Data for this exercise:

******

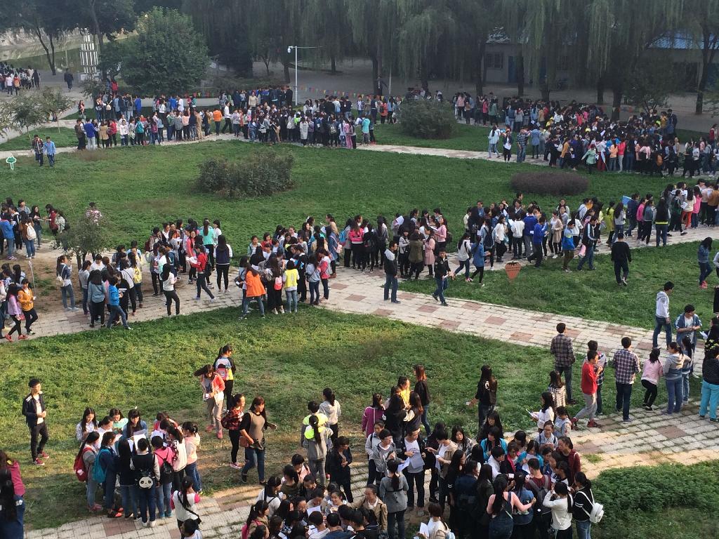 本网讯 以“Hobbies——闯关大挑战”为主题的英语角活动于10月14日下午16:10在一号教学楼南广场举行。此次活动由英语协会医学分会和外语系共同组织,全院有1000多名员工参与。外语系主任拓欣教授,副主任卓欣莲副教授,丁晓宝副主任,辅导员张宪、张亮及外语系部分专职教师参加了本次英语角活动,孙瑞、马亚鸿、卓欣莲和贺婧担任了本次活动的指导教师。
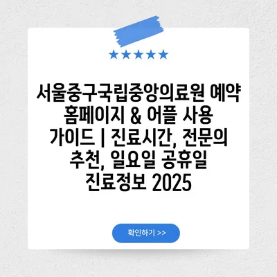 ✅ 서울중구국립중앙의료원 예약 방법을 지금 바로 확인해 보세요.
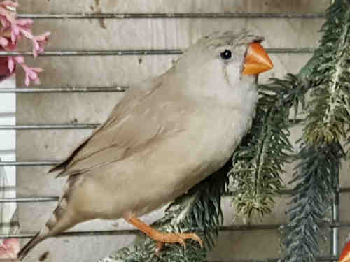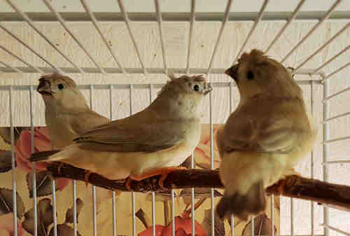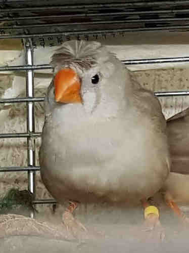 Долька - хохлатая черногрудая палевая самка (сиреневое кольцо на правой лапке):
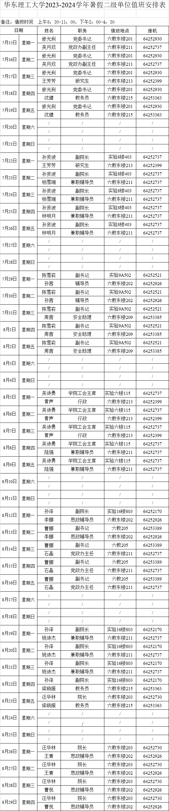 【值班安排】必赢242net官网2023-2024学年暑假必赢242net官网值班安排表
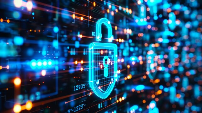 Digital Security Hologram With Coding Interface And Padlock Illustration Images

******

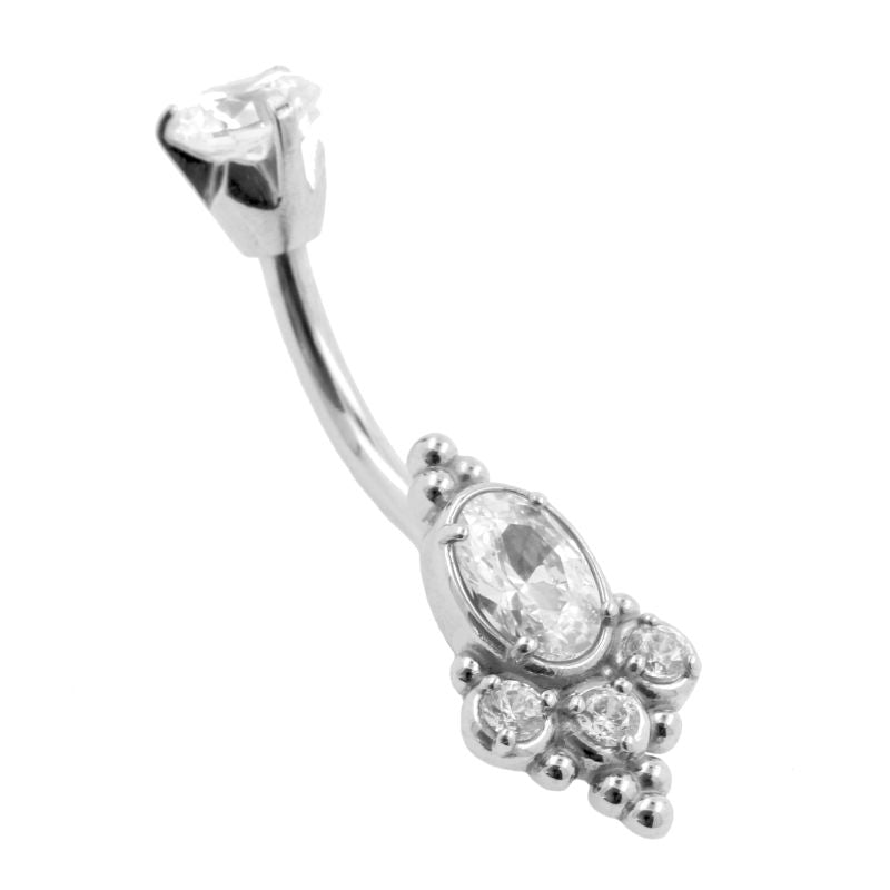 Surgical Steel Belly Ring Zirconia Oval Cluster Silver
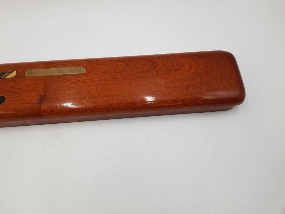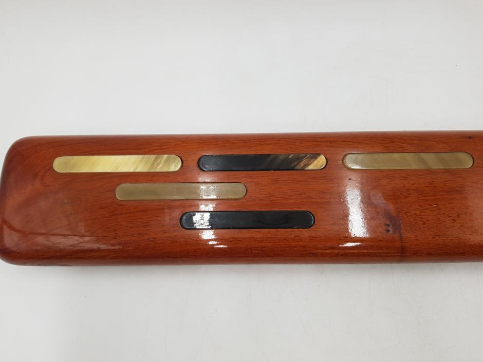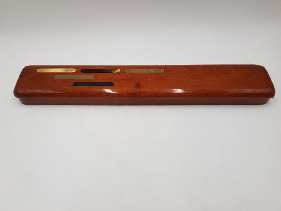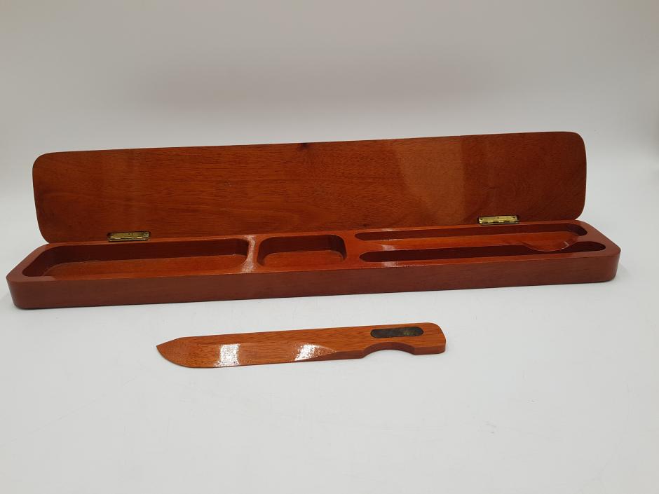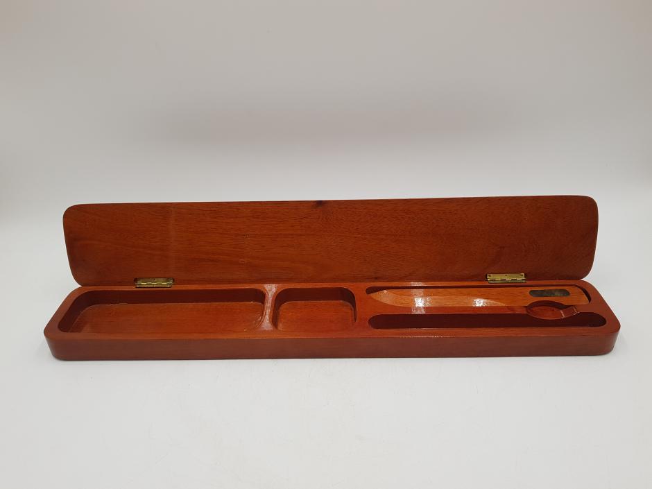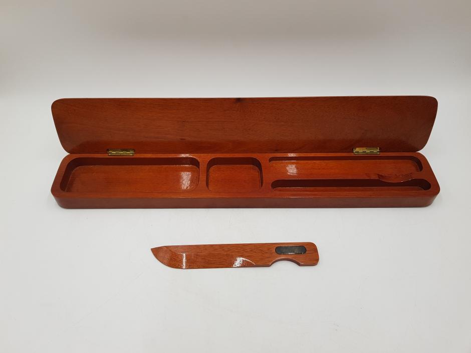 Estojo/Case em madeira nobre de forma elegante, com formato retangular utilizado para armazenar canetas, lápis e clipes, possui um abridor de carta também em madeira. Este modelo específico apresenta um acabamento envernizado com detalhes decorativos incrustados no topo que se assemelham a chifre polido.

******

What the task asks:
What you write must match the listing exactly, from the line with "Surgical Steel Belly" up to and including the line with "Estojo/Case em madeira". Pictures stay out.

Expected output:
 Surgical Steel Belly Ring Zirconia Oval Cluster Silver
 Estojo/Case em madeira nobre de forma elegante, com formato retangular utilizado para armazenar canetas, lápis e clipes, possui um abridor de carta também em madeira. Este modelo específico apresenta um acabamento envernizado com detalhes decorativos incrustados no topo que se assemelham a chifre polido.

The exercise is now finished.